### Work to complete
When you return the lines below, go from the first through the line with "17 x Mathews", keep them exact, and leave out every picture.

### Supplied material

# # #

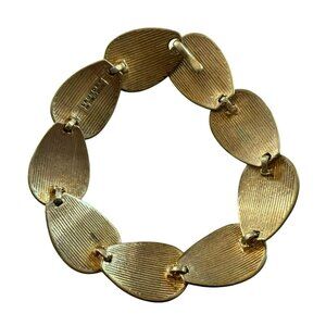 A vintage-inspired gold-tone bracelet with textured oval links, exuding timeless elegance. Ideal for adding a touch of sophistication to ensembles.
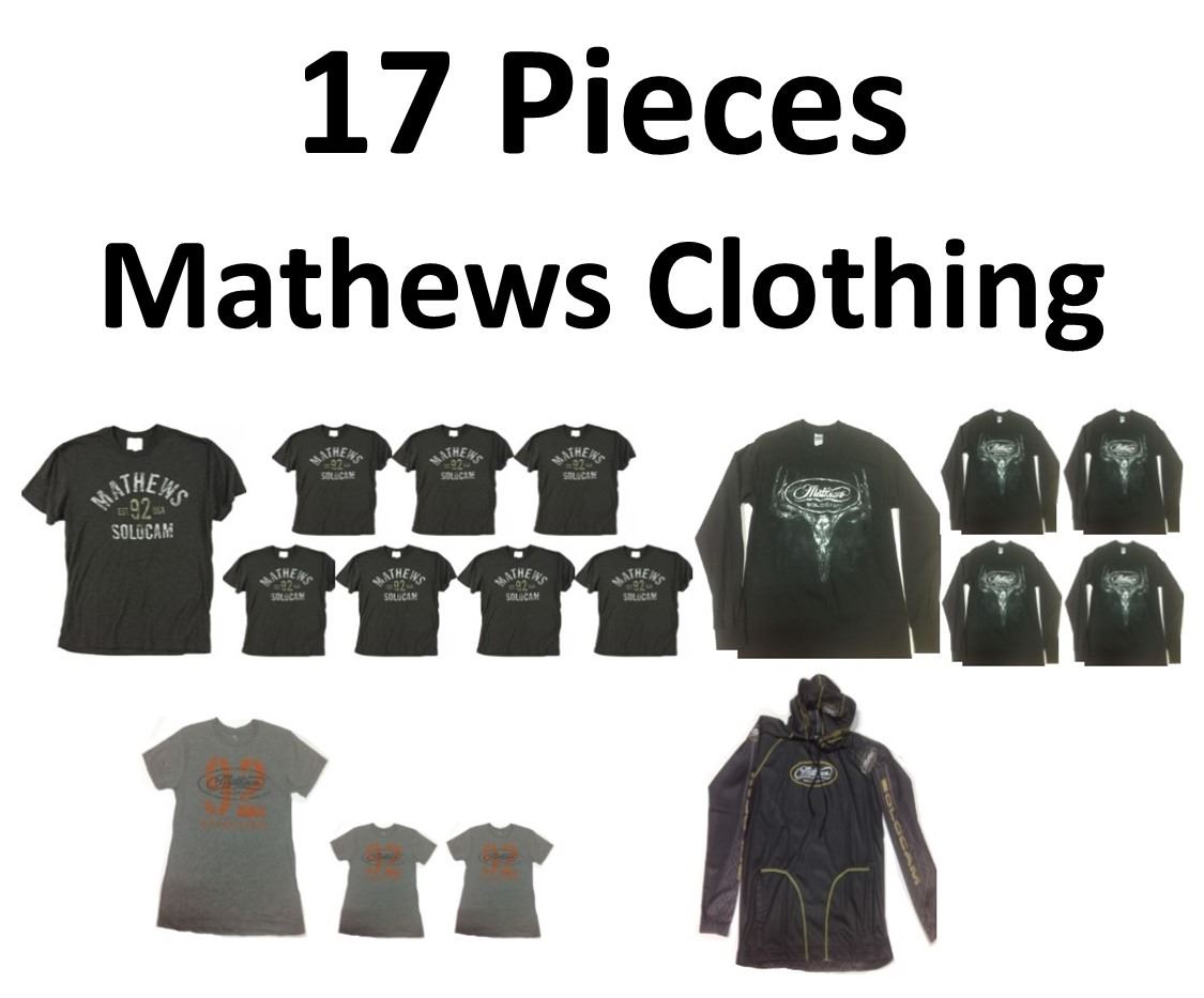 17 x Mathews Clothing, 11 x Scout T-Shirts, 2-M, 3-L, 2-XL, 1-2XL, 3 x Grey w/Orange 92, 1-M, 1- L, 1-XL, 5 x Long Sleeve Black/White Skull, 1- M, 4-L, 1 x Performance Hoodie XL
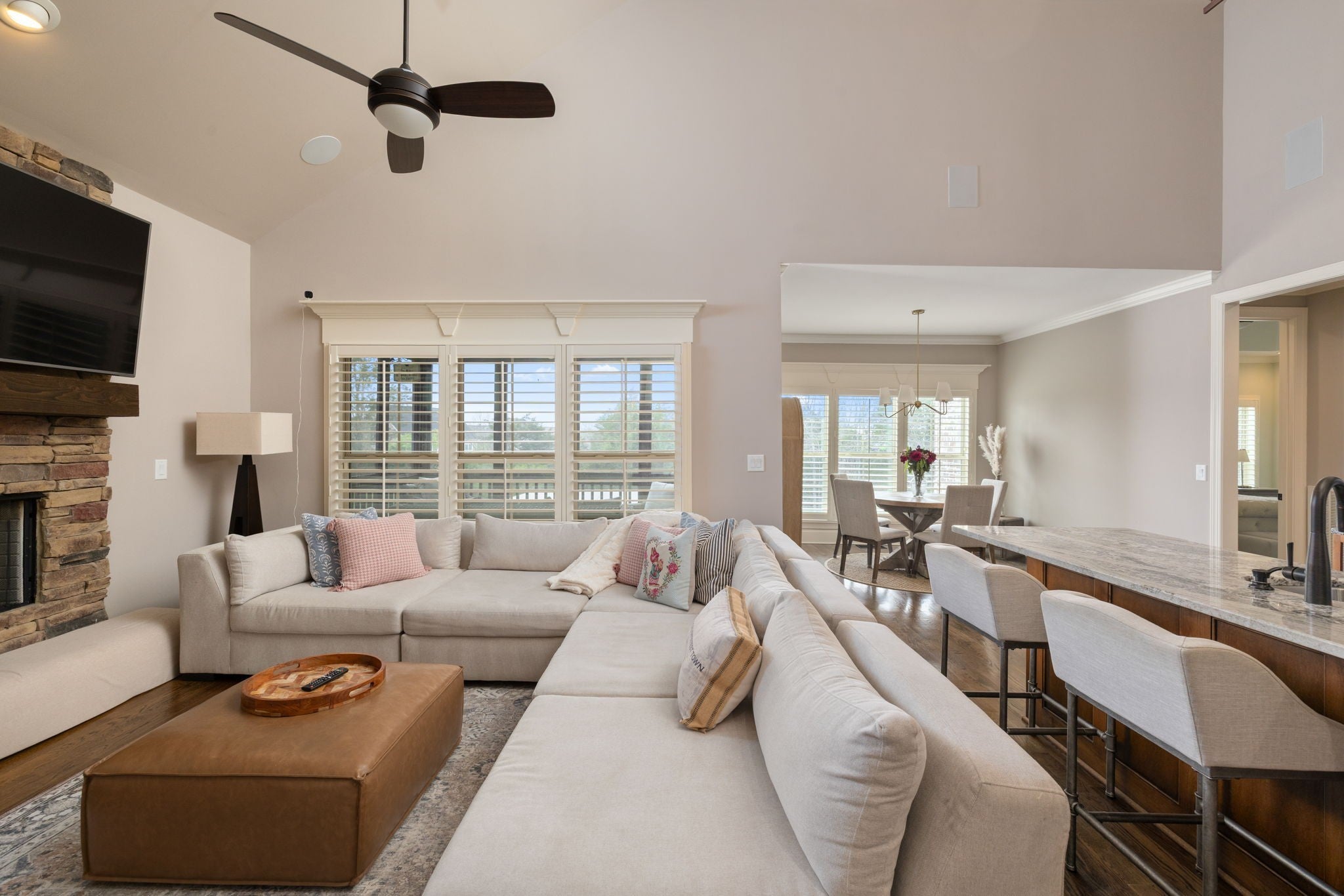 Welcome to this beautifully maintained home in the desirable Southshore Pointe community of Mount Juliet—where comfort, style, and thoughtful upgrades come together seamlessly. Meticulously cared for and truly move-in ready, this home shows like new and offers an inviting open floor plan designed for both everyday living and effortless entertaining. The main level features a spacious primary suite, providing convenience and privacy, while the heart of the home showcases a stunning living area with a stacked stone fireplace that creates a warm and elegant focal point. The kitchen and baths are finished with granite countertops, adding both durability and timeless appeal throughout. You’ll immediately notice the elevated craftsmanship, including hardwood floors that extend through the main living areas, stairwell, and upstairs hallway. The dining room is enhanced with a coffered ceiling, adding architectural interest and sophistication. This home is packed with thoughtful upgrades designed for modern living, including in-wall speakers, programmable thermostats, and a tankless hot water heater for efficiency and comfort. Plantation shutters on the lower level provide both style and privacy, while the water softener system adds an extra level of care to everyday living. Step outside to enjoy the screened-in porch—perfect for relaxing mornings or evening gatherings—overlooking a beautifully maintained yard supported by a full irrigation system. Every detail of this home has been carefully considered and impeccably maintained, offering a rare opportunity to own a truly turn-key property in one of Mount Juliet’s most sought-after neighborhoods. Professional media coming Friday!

# # #

### Answer to this problem
 A vintage-inspired gold-tone bracelet with textured oval links, exuding timeless elegance. Ideal for adding a touch of sophistication to ensembles.
 17 x Mathews Clothing, 11 x Scout T-Shirts, 2-M, 3-L, 2-XL, 1-2XL, 3 x Grey w/Orange 92, 1-M, 1- L, 1-XL, 5 x Long Sleeve Black/White Skull, 1- M, 4-L, 1 x Performance Hoodie XL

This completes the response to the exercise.